In [None]:
# Setup Python path to import from project root
import sys, os, glob, importlib
sys.path.append(os.path.abspath('..'))

from kl_clustering_analysis.benchmarking import benchmark_cluster_algorithm
from tests.test_cases_config import SMALL_TEST_CASES
from datetime import datetime

modules_to_reload = [
    'kl_clustering_analysis.hierarchy_analysis.statistics.kl_tests.edge_significance',
    'kl_clustering_analysis.hierarchy_analysis.statistics.cmi_tests.conditional_sibling_independence',
    'kl_clustering_analysis.hierarchy_analysis.statistics',
    'kl_clustering_analysis.hierarchy_analysis.tree_decomposer',
    'kl_clustering_analysis.tree.poset_tree',
    'kl_clustering_analysis.plot.cluster_tree_visualization',
    'kl_clustering_analysis.benchmarking.pipeline',
]

for module_name in modules_to_reload:
    if module_name in sys.modules:
        importlib.reload(sys.modules[module_name])
    else:
        __import__(module_name)

print("All modules reloaded successfully")

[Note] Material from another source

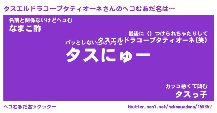 | 男性向けラノベタイトル風あだ名 | 『タスエルドラコープタティオーネの憂鬱』 |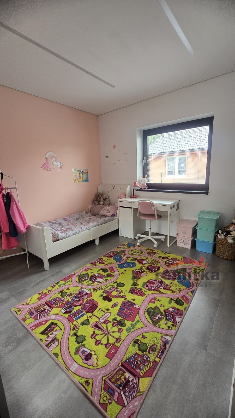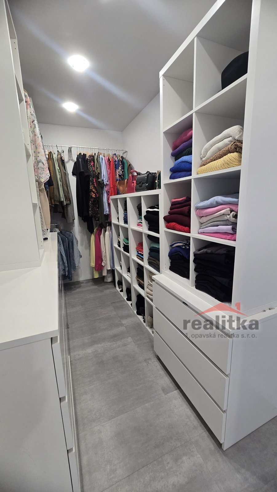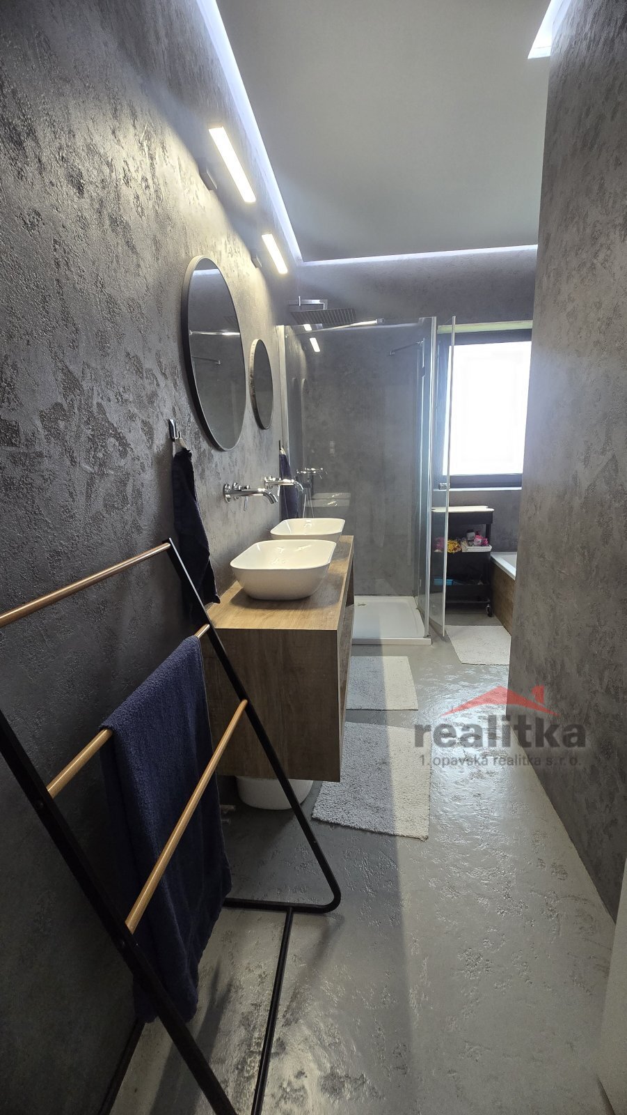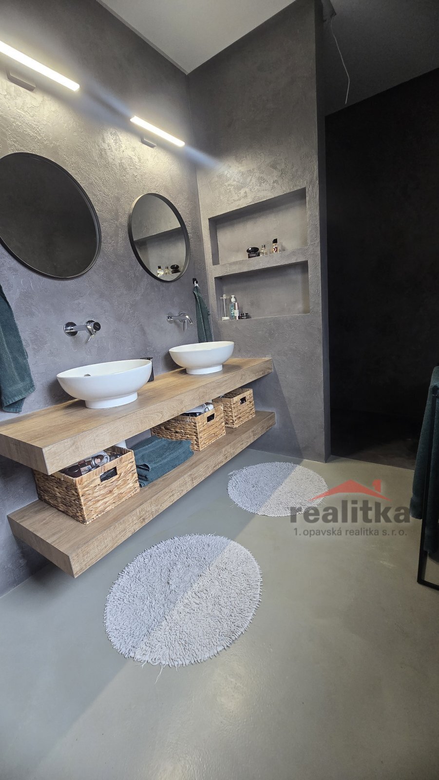 Interiér domu má moderní, kvalitní prvky. V celém domě je liniové zabudované osvětlení, bezobložkové interiérové dveře do všech místností, vinylová bezprahová podlaha, podlahové topení ve všech prostorech domu, betonové designové stěrky, hliníkové okna včetně žaluzií na dálkové ovládání, 2x posuvné terasové dveře - HS portál. Všechny pokoje v domě jsou samostatné se vstupem z předsíně. Ve všech pokojích je pevný internet. Ložnice má vstup do šatny a koupelny, kde jsou 2 umyvadla, wc a sprchový kout. Další koupelna je vedle 2 dětských pokojů, jsou zde opět 2 umyvadla, vana, sprchový kout, další wc je samostatně. Obývací pokoj je spojený kuchyňskou částí a jídelnou se vstupem na velkou terasu s posezením. V obývací části je vše připraveno na zabudování krbu se zkolaudovaným komínem. V prostorné kuchyni je zabudovaná lednice, mrazák, myčka, trouba, mikrovlnka, digestoř a velká indukce a je zde také velká potravinová komora. Obývací pokoj je situovaný na JV stranu, dětské pokoje jsou na stranu severní a ložnice na stranu JZ. Ve vstupní chodbě jsou zabudované skříně a odkládací stěna. Dům je postaven z itongu 37, zateplen 10cm polystyrenem, střecha je Satian - zateplený plech a 50cm izolace. Vytápění domu je tepelným čerpadlem včetně ohřevu vody. V domě je také technická místnost, kde se nachází záložný elektro zdroj, 300l hydrobox, napojení na pračku a sušičku.

# Clean up previous results in the results folder
results_folder = "../cluster_tree_plots"
if os.path.exists(results_folder):
    files = glob.glob(os.path.join(results_folder, "*.png"))
    for f in files:
        try:
            os.remove(f)
            print(f"Deleted previous result: {f}")
        except Exception as e:
            print(f"Error deleting {f}: {e}")
else:
    os.makedirs(results_folder, exist_ok=True)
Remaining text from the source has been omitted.